DATA IN THIS EXERCISE:

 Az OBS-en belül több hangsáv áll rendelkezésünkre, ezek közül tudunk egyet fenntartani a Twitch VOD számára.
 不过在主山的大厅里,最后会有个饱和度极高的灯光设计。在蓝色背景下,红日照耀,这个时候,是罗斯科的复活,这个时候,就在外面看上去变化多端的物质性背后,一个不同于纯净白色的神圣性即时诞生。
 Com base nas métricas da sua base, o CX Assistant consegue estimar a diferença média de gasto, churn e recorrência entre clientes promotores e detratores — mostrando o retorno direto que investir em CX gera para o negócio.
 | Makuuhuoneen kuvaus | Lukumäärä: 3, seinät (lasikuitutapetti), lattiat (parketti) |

==

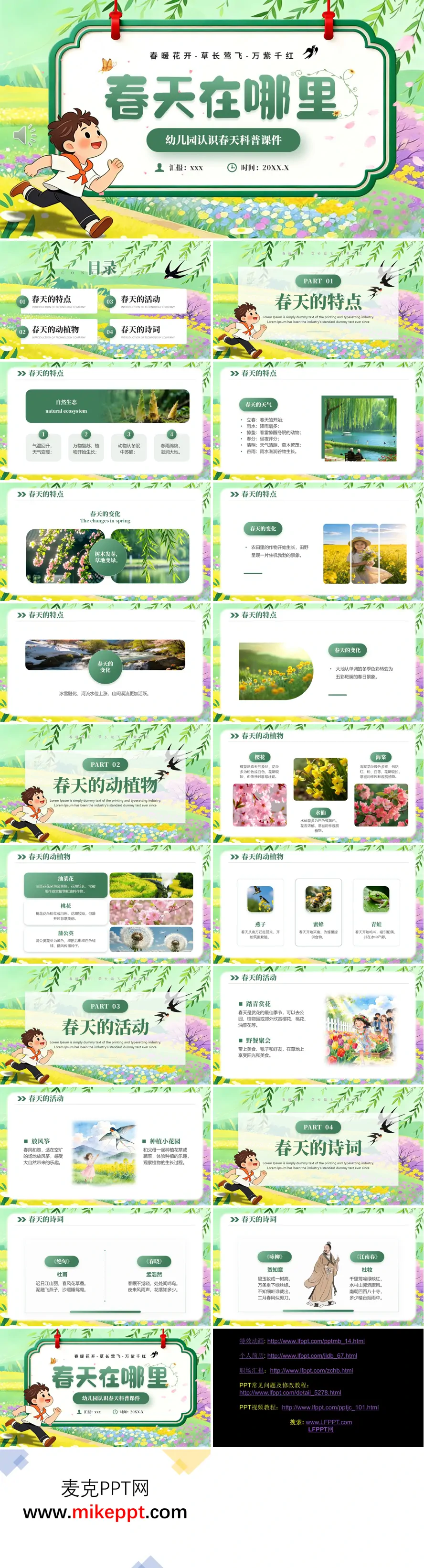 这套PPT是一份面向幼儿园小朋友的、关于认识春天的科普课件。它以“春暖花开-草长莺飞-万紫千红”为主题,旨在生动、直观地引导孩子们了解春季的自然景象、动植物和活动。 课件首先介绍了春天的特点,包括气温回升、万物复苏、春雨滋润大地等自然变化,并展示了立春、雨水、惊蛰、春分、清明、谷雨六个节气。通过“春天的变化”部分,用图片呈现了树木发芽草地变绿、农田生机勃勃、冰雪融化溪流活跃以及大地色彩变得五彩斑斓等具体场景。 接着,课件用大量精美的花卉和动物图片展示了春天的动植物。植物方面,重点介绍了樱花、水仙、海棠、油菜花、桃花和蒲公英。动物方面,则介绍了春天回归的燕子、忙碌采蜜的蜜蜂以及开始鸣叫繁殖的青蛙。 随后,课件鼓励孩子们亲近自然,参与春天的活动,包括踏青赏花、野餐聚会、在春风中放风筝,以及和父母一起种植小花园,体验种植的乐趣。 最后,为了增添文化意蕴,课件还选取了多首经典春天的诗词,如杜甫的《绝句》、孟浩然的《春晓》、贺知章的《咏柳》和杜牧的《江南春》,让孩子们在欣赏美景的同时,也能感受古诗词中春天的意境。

* * *

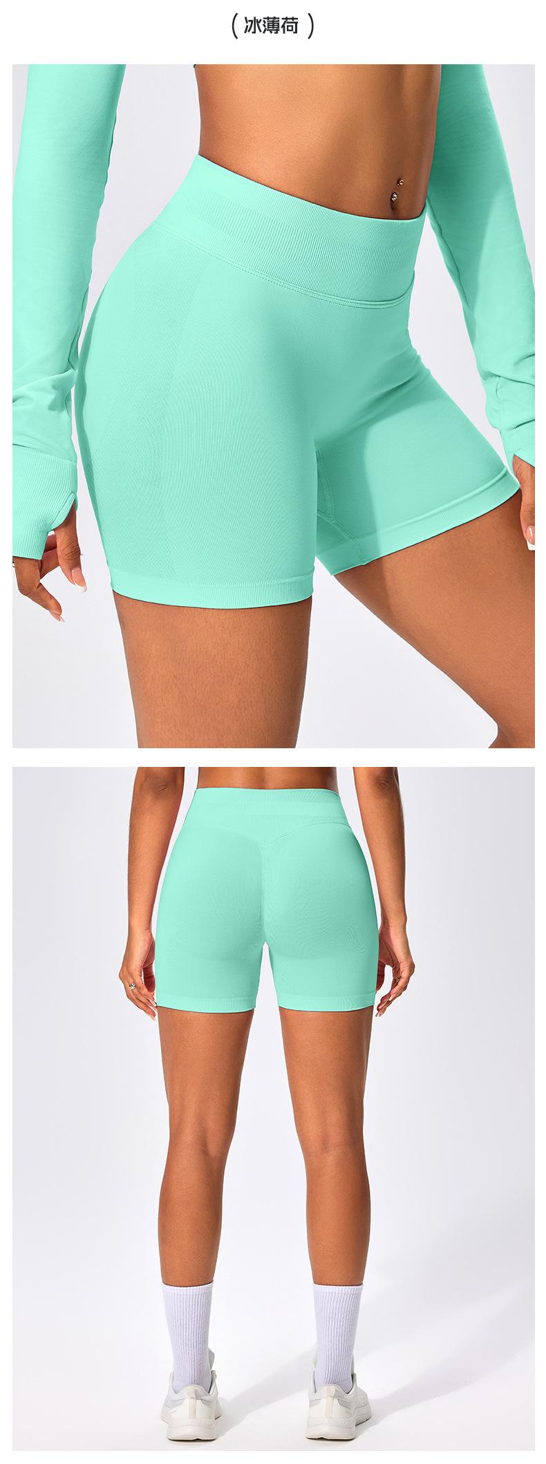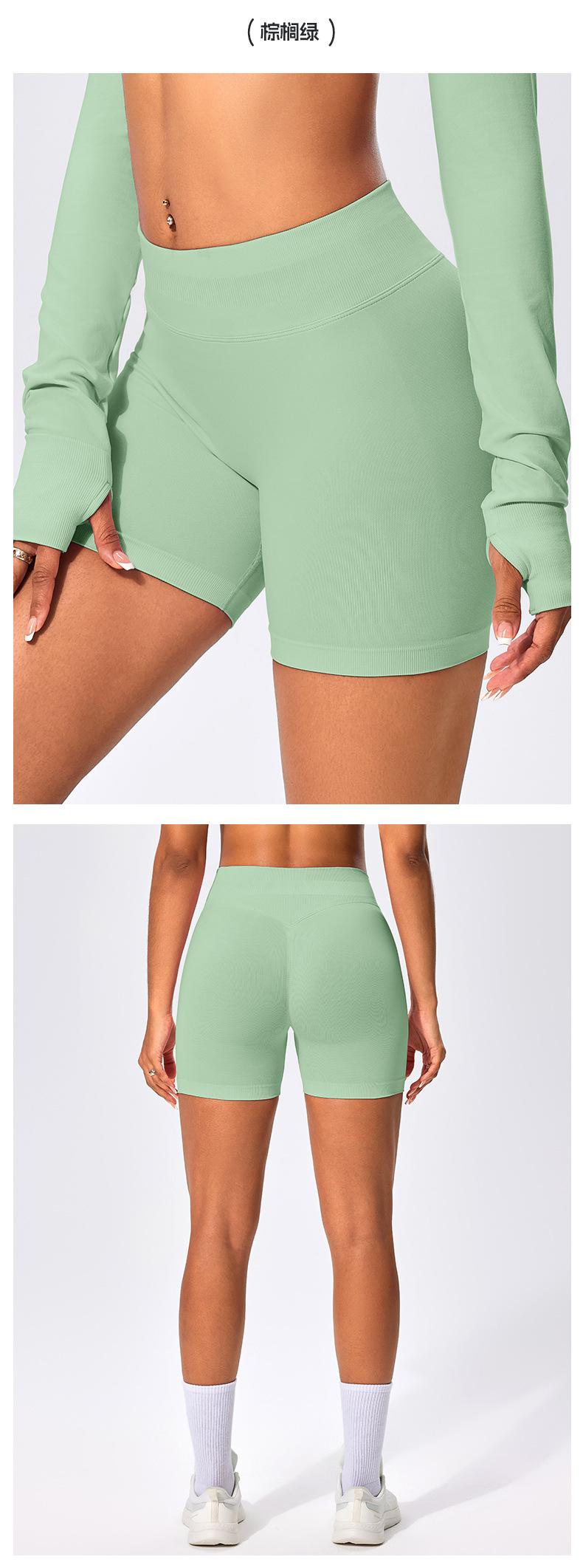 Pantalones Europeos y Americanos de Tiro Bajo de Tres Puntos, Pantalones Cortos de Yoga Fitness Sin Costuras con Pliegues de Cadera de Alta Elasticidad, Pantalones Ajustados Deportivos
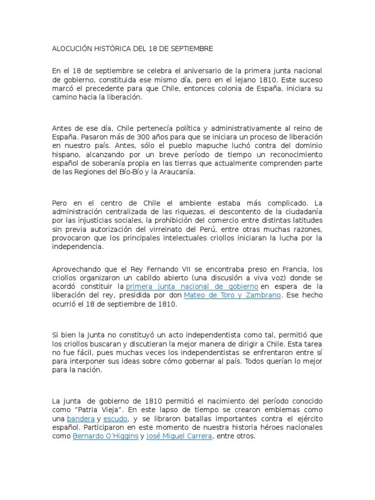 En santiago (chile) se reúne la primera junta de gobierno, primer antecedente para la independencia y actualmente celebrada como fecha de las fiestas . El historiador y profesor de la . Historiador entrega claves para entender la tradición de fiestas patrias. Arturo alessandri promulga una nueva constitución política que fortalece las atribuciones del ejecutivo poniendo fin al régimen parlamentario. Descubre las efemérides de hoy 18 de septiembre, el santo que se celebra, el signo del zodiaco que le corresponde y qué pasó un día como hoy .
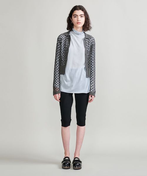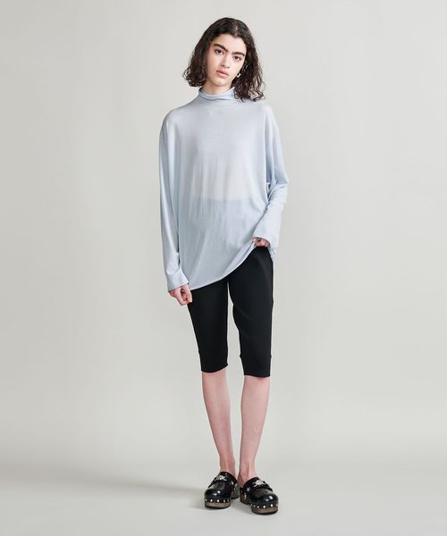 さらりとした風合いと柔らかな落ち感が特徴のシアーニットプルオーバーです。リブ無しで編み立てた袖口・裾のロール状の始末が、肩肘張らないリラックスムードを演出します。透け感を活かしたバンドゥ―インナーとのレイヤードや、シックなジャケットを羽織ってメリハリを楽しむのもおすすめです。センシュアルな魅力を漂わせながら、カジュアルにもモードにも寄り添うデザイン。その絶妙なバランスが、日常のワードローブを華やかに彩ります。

AIM OF THE EXERCISE: From the records above, extract exactly and only the lines that begin at the line with "Com base nas" and stop after the line with "lattiat (parketti) |".

RESULT BELOW:
 Com base nas métricas da sua base, o CX Assistant consegue estimar a diferença média de gasto, churn e recorrência entre clientes promotores e detratores — mostrando o retorno direto que investir em CX gera para o negócio.
 | Makuuhuoneen kuvaus | Lukumäärä: 3, seinät (lasikuitutapetti), lattiat (parketti) |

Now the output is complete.